[Pixman] FPU-based implementation of the core pixel pipeline

Tue Oct 5 14:39:13 PDT 2010

> If you are using lookup tables to convert floating point to integers, I have
> found that you can use the lower bits to linearly interpolate a much smaller
> number of entries.
>
> You can also eliminate all the negative numbers and all numbers greater than
> 1 and all NAN, making the table 1/4 size.

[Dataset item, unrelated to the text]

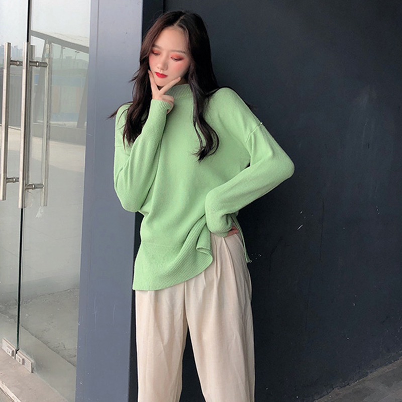 慵懶風套頭毛衣外套女2018秋冬裝新款韓版寬松開叉長袖針織上衣潮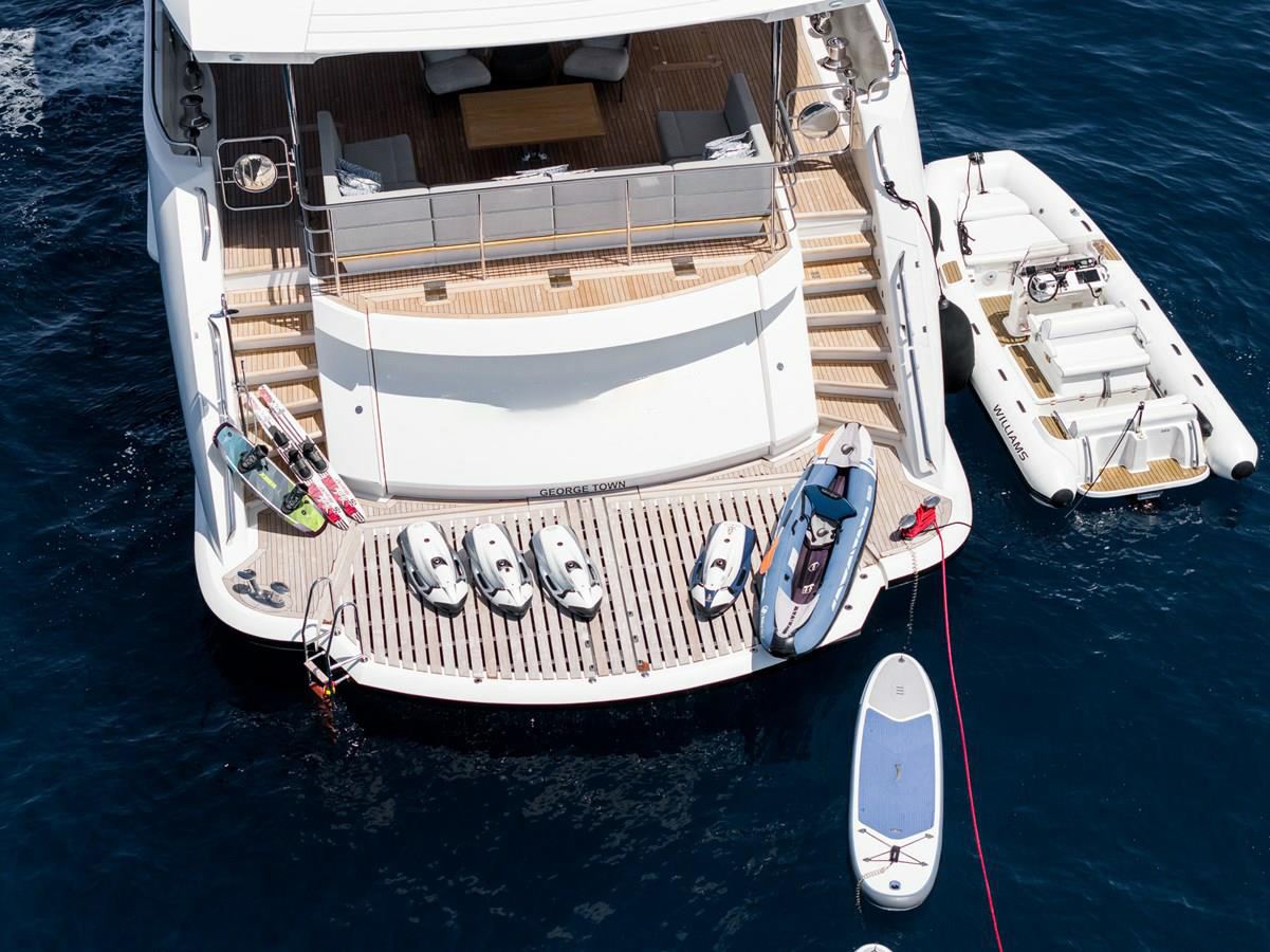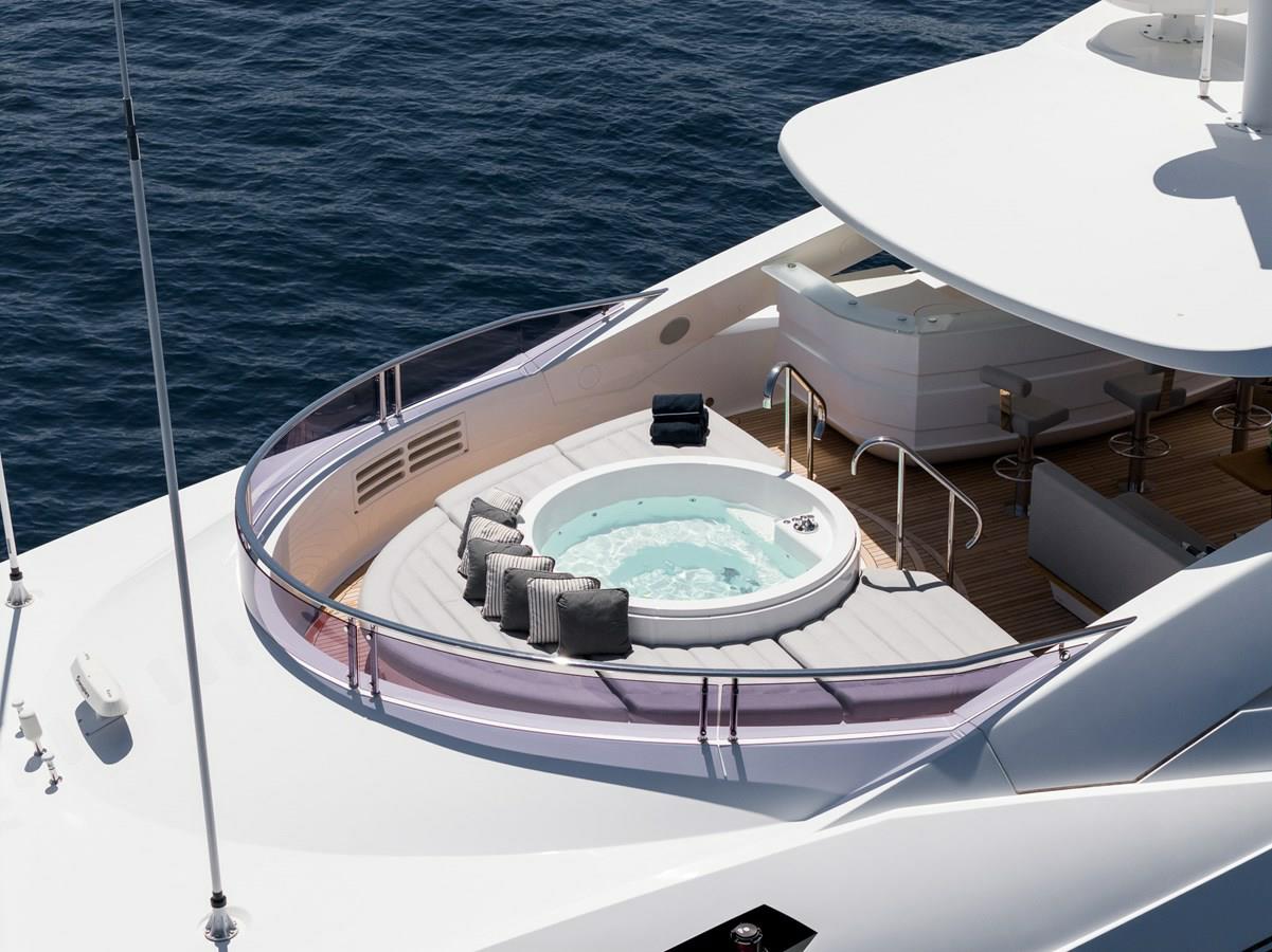 На яхте - балкон, сдвигающаяся крыша, хардоп, джакузи, солнечная палуба, бич-клуб и многое другое.

Actually, there's a technique using "magic constant multiply-add"
which leaves the bits we want directly in the bit representation in a
predictable place.  It should reduce to FMADDS, FSTS, LWZ, RLWINM/MI
per component, on PowerPC - the bottleneck would then be the
load-store units if that's the only thing going on.  At the moment
it's FMADDS, CFTOIZ, FSTS, LWZ, RLWINM/MI, so it saves a whole FPU
instruction that may be poorly optimised.

The existing table is for int-to-float conversion.  For 8bpc, that's
LBZ, FLDS per component, for others substitute an RLWINM for LBZ.  The
only trouble is that the table is unconditionally precomputed for rare
16bpc conversions (etc) as well as the common smaller ones, and thus
consumes significant memory.

 - Jonathan